▶ _ACTIVITY_
The required output holds only the lines from the one containing "Мяч гимнастический TORRES" through the end of the material below, copied exactly, please, with no pictures.

▶ _DATASET EXCERPT_
────────────────

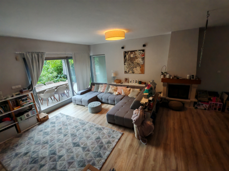 Az alsó szinten a tágas, világos nappaliból közvetlenül egy nagy kertkapcsolatos terasz előnyeit élvezhetjük. A kert több éves fákkal övezett területe teljes intimitást biztosít, ahol egy kerti medence felállítására is alakítottak ki helyet.
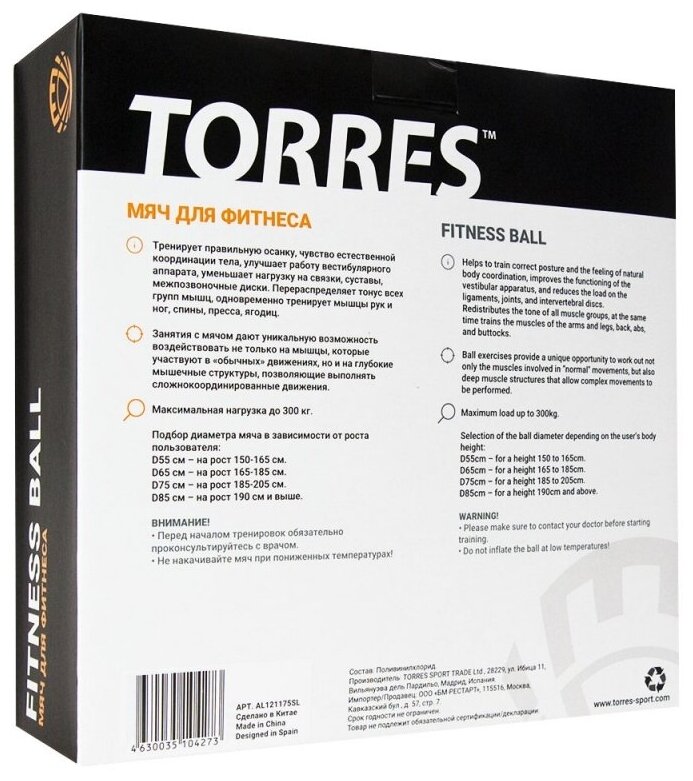 Мяч гимнастический TORRES , арт.AL121175BL, диам. 75 см, эласт. ПВХ, с защ.от взрыва,с насосом, голубой интересное:
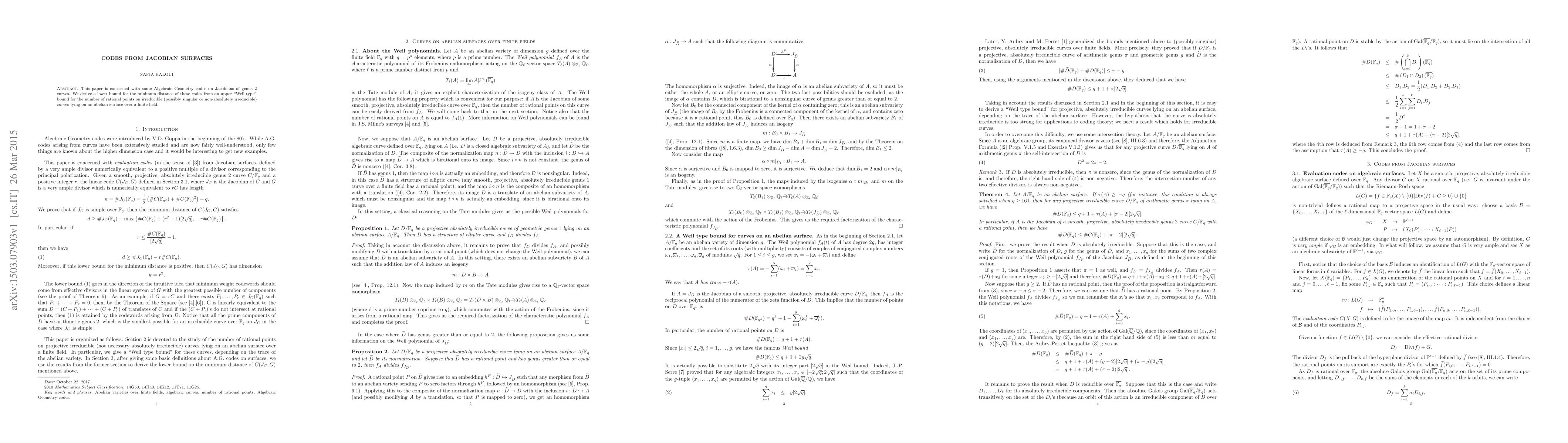 This paper is concerned with some Algebraic Geometry codes on Jacobians of genus 2 curves. We derive a lower bound for the minimum distance of these codes from an upper "Weil type" bound for the number of rational points on irreducible (possibly singular or non-absolutely irreducible) curves lying on an abelian surface over a finite field.
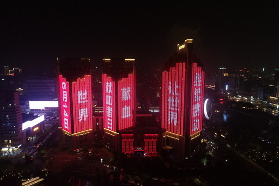23块户外大屏、330面电梯、200辆公交……自6月9日起,嘉兴市中心血站多屏联动齐“发力”,为无偿献血助力,佳源四季酒店进行了为期三天的灯光秀,用璀璨绚丽的灯光秀,向广大无偿献血者致敬。

────────────────

▶ _WRITTEN RESPONSE_
 Мяч гимнастический TORRES , арт.AL121175BL, диам. 75 см, эласт. ПВХ, с защ.от взрыва,с насосом, голубой интересное:
 This paper is concerned with some Algebraic Geometry codes on Jacobians of genus 2 curves. We derive a lower bound for the minimum distance of these codes from an upper "Weil type" bound for the number of rational points on irreducible (possibly singular or non-absolutely irreducible) curves lying on an abelian surface over a finite field.
23块户外大屏、330面电梯、200辆公交……自6月9日起,嘉兴市中心血站多屏联动齐“发力”,为无偿献血助力,佳源四季酒店进行了为期三天的灯光秀,用璀璨绚丽的灯光秀,向广大无偿献血者致敬。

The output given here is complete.